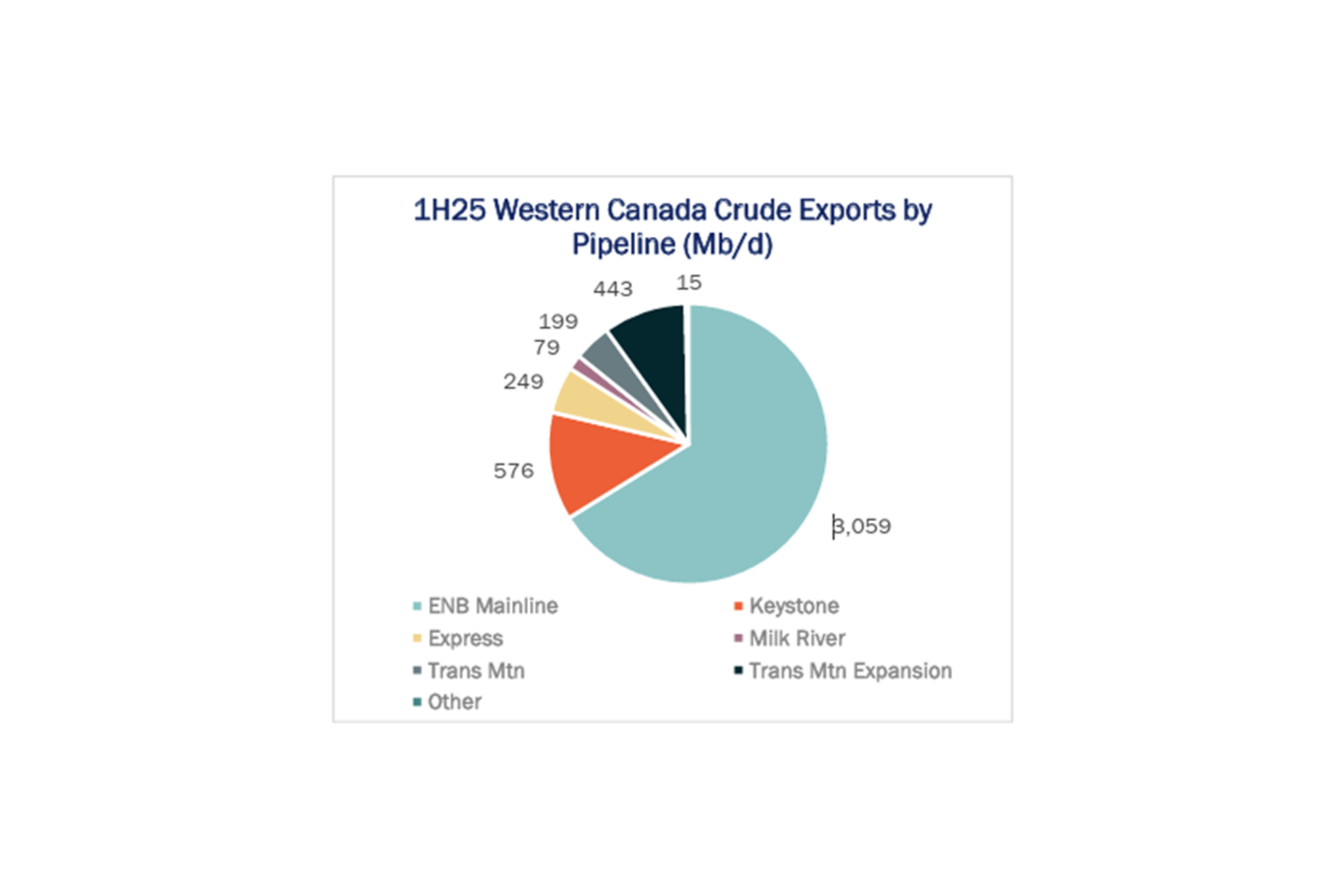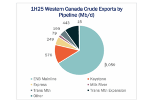 The MLO1 project is a logical next step for Enbridge as Canadian crude volumes continue to approach pipeline limits. According to ENB’s latest earnings call, the Mainline system was apportioned throughout 3Q25 and operated at roughly 95% utilization during the first half of the year, accounting for an average of 66% of all Canadian crude exported by pipeline (see figure). The Mainline is the leading export route for Canadian crude, supported by steady US refinery demand for heavy sour barrels.
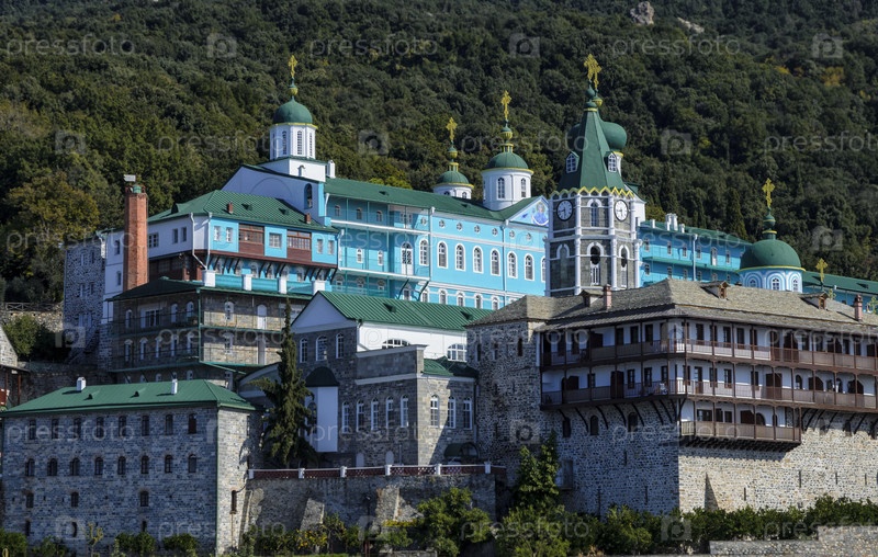 Панорамный вид на православный монастырь русского Святого Пантелеймона на горе Афон, Халкидики, Греция
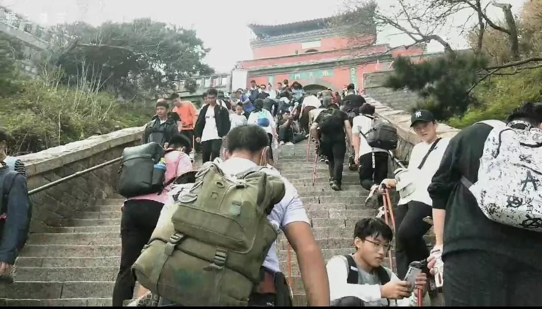 首先看看从红门,中天门,南天门到玉皇顶的人群吧,岱庙,红门,中天门,南天门,玉皇顶一线贯通呢!

WORK REQUEST:
What is needed is an exact repeat of only the lines from the one containing "Панорамный вид на" through the last line of the listing above, both ends included, without the pictures.

EXERCISE RESULT:
 Панорамный вид на православный монастырь русского Святого Пантелеймона на горе Афон, Халкидики, Греция
 首先看看从红门,中天门,南天门到玉皇顶的人群吧,岱庙,红门,中天门,南天门,玉皇顶一线贯通呢!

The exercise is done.